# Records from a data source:
>>>

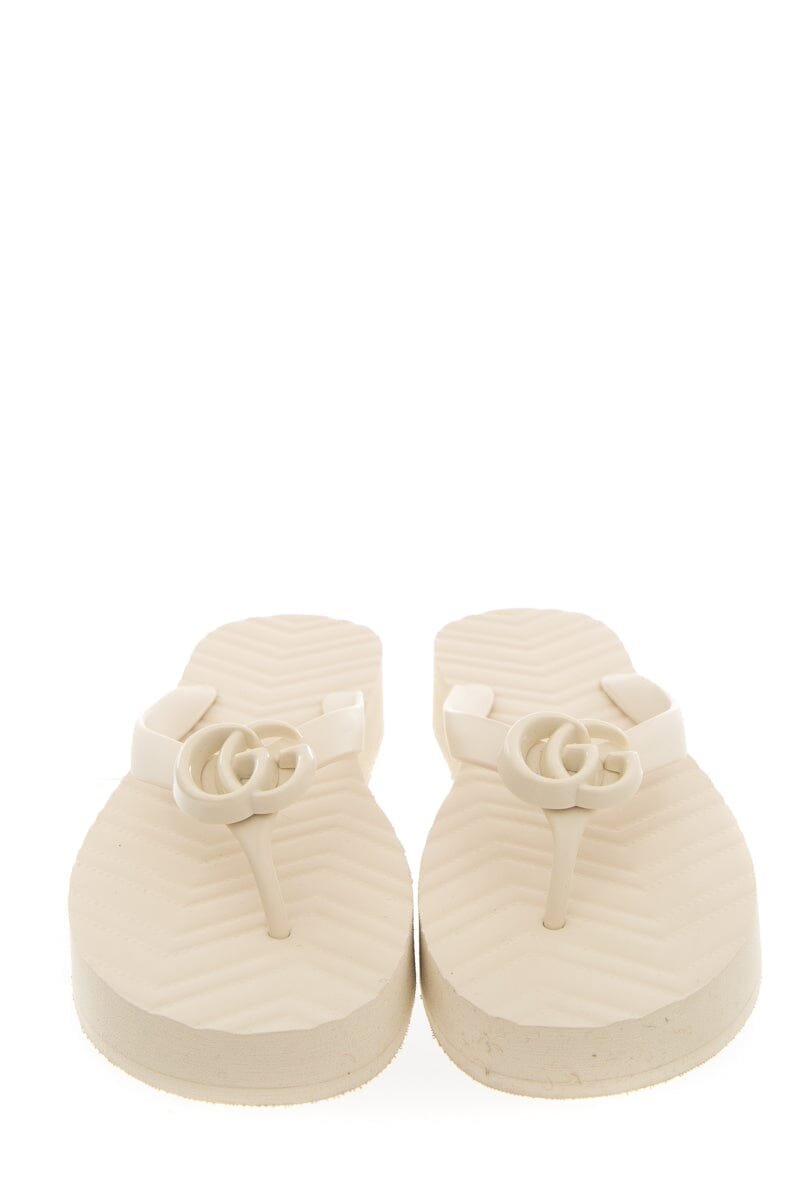 Gucci Ivory Rubber Logo Flip Flop Sandals. This item has never been .
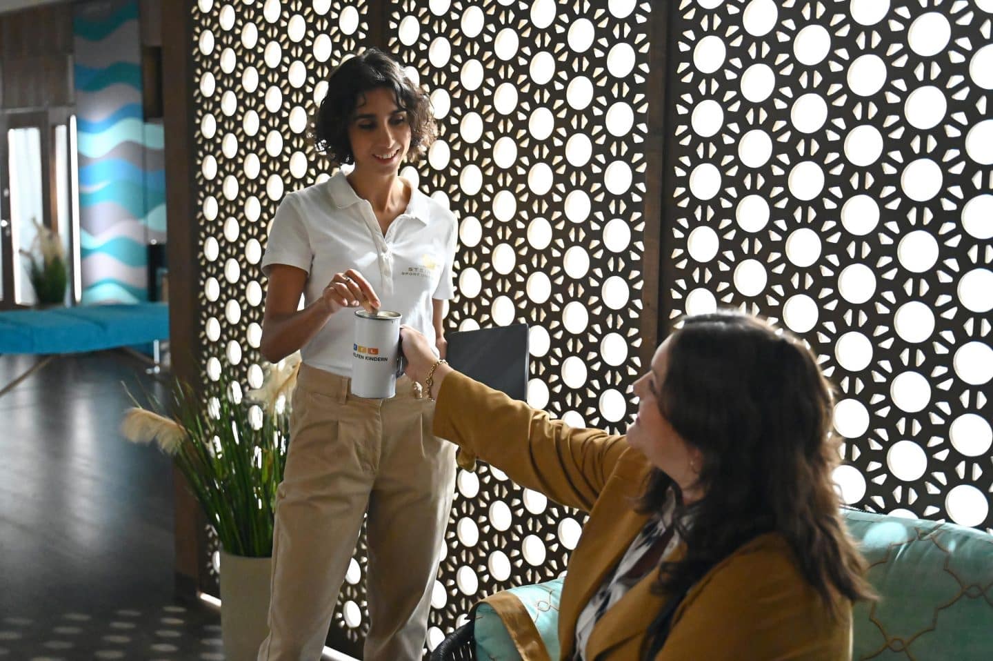 Leyla (Suri Abbassi, l.) echauffiert sich über Elias Egoismus. Rechts Hanna (Sarah Victoria Schalow) +++ Die Verwendung des sendungsbezogenen Materials ist nur mit dem Hinweis und Verlinkung auf RTL+ gestattet. +++
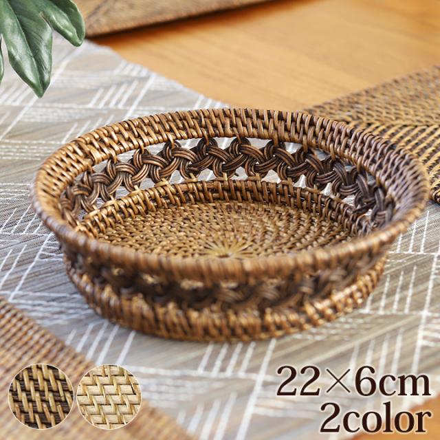 ラタン 模様編みバスケット(M)(約22×6cm) アジアン バリ リゾート ラタン 籐 南国リゾート ナチュラル テーブルウェア 自然素材
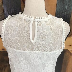 Paper + Tee sleeveless peplum top. Sheer lace neckline with crochet trim, lined body with lace overlay. Scalloped bottom, size S. Button keyhole closure in back. 100% nylon. Super cute to dress up or down!!Approximate measurements are pit to pit flat 17”, length from shoulder approximately 26”.
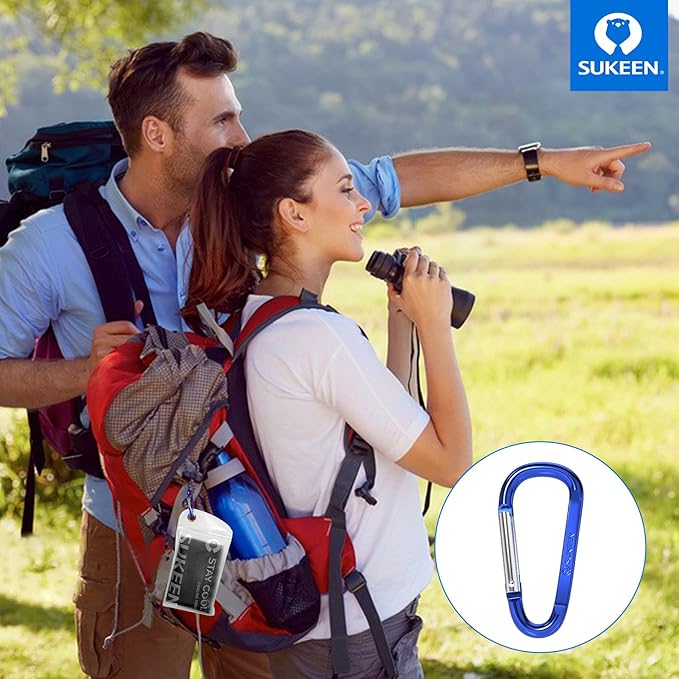 - CARRYING POUCH WITH CARABINER CLIP: With the waterproof plastic pouch, it's easy to carry the chilly towel on a rock climb, golf trip, corssfit training, etc. The reusable pouch is friendly to earth and saves more space than a bottle. The storage pouch comes with carabiner clips of vibrant colors that match the towel, making it a great gift for all ages. The clip makes it convenient to attach the cooling towel to the belt of sports bag and traveling backpack.
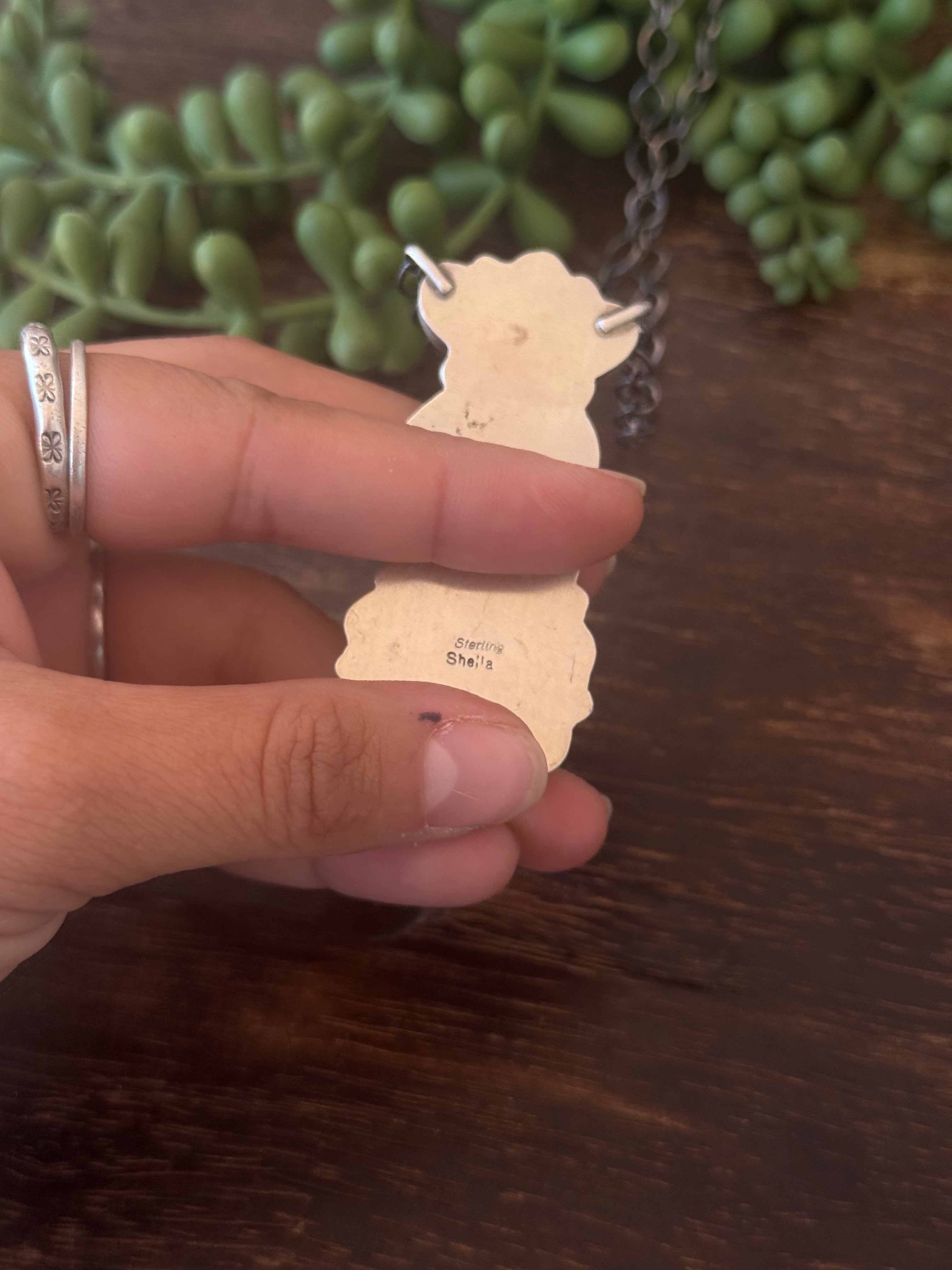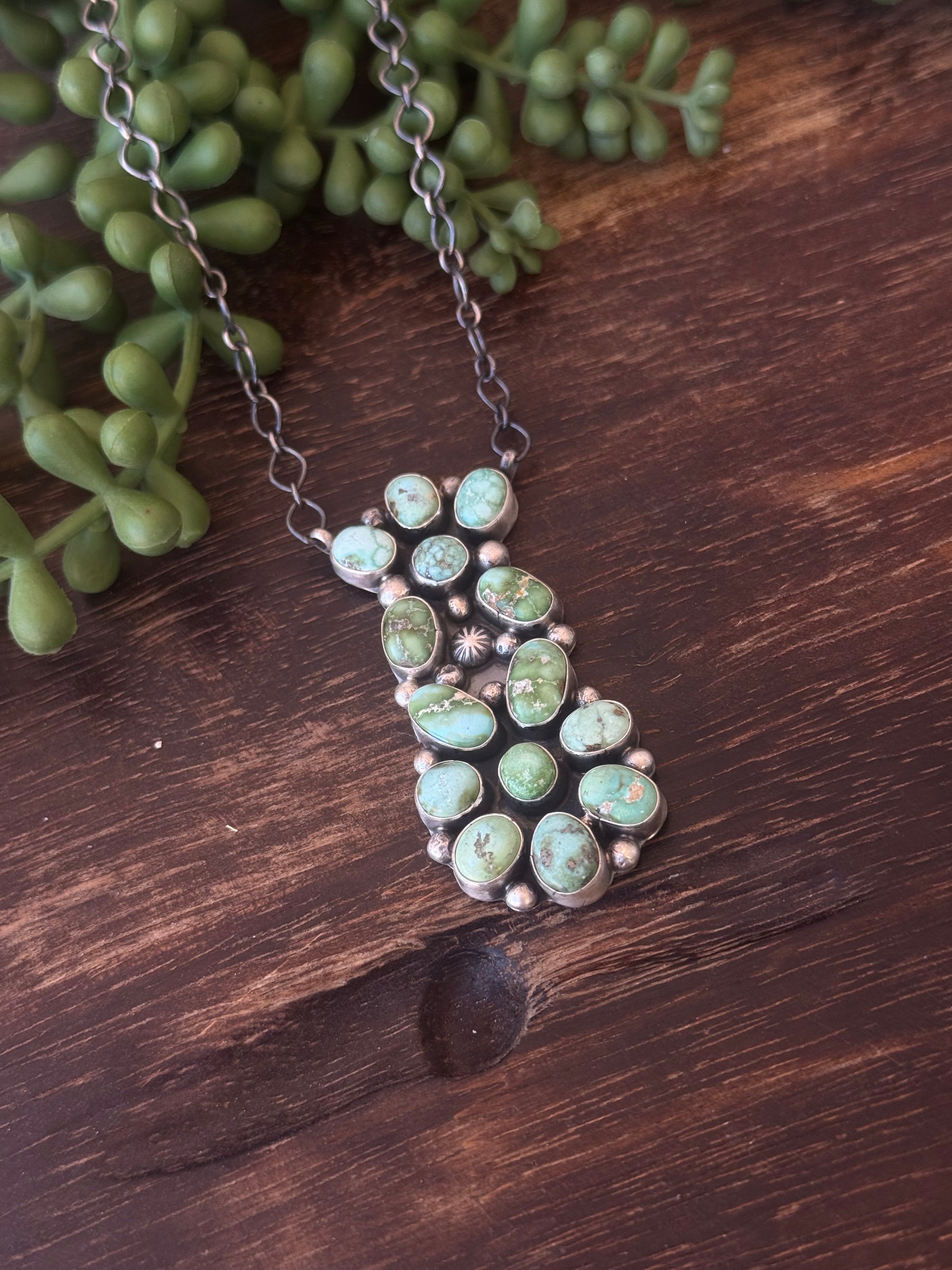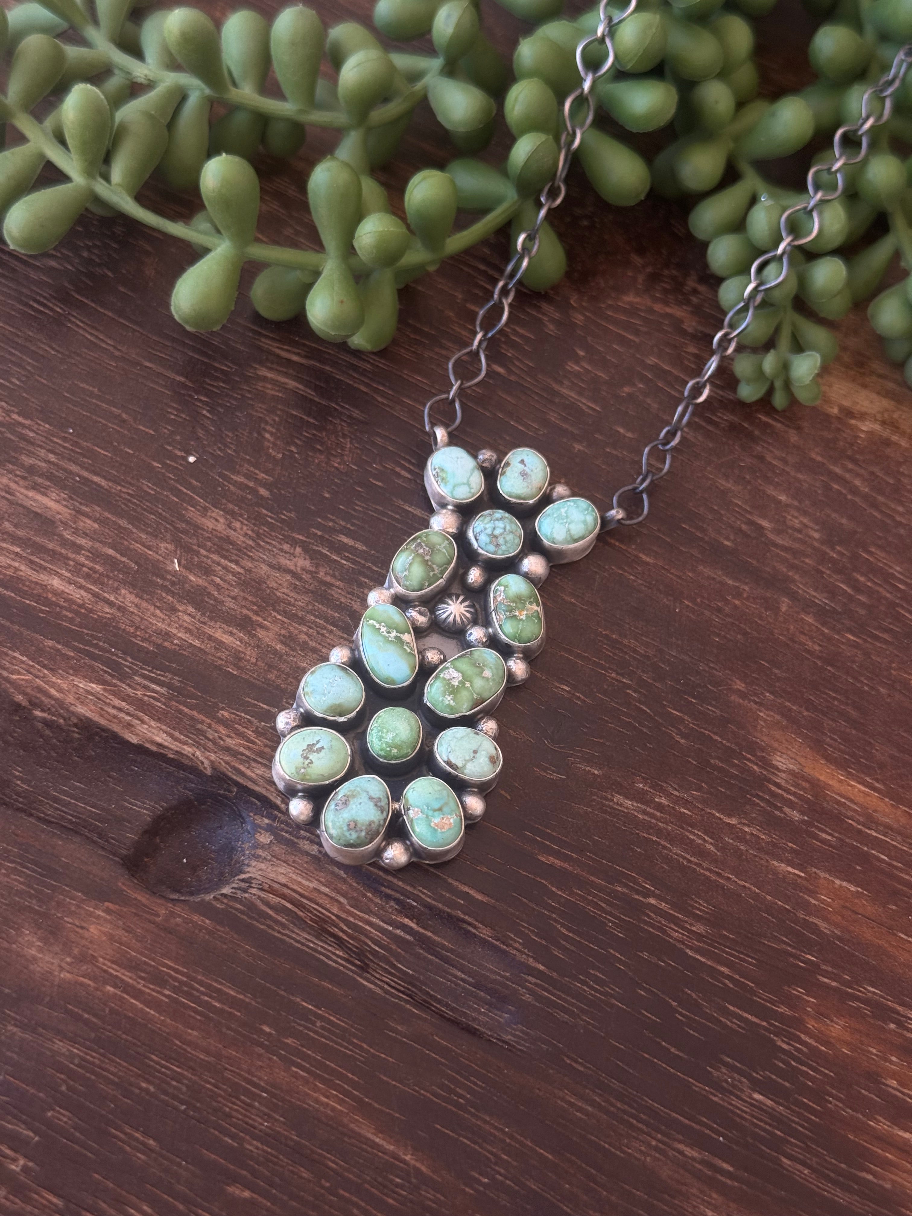Sheila Becenti Sonoran Gold Turquoise & Sterling Sliver Cluster Necklace. It measures 22 inches long while the chain measure 17 inches. Signed by the artist and stamped sterling silver.

<<<

# Exercise:
Pictures are to be left out; please print the rest of the records above word for word.

# Result below:
 Gucci Ivory Rubber Logo Flip Flop Sandals. This item has never been .
 Leyla (Suri Abbassi, l.) echauffiert sich über Elias Egoismus. Rechts Hanna (Sarah Victoria Schalow) +++ Die Verwendung des sendungsbezogenen Materials ist nur mit dem Hinweis und Verlinkung auf RTL+ gestattet. +++
 ラタン 模様編みバスケット(M)(約22×6cm) アジアン バリ リゾート ラタン 籐 南国リゾート ナチュラル テーブルウェア 自然素材
 Paper + Tee sleeveless peplum top. Sheer lace neckline with crochet trim, lined body with lace overlay. Scalloped bottom, size S. Button keyhole closure in back. 100% nylon. Super cute to dress up or down!!Approximate measurements are pit to pit flat 17”, length from shoulder approximately 26”.
 - CARRYING POUCH WITH CARABINER CLIP: With the waterproof plastic pouch, it's easy to carry the chilly towel on a rock climb, golf trip, corssfit training, etc. The reusable pouch is friendly to earth and saves more space than a bottle. The storage pouch comes with carabiner clips of vibrant colors that match the towel, making it a great gift for all ages. The clip makes it convenient to attach the cooling towel to the belt of sports bag and traveling backpack.
Sheila Becenti Sonoran Gold Turquoise & Sterling Sliver Cluster Necklace. It measures 22 inches long while the chain measure 17 inches. Signed by the artist and stamped sterling silver.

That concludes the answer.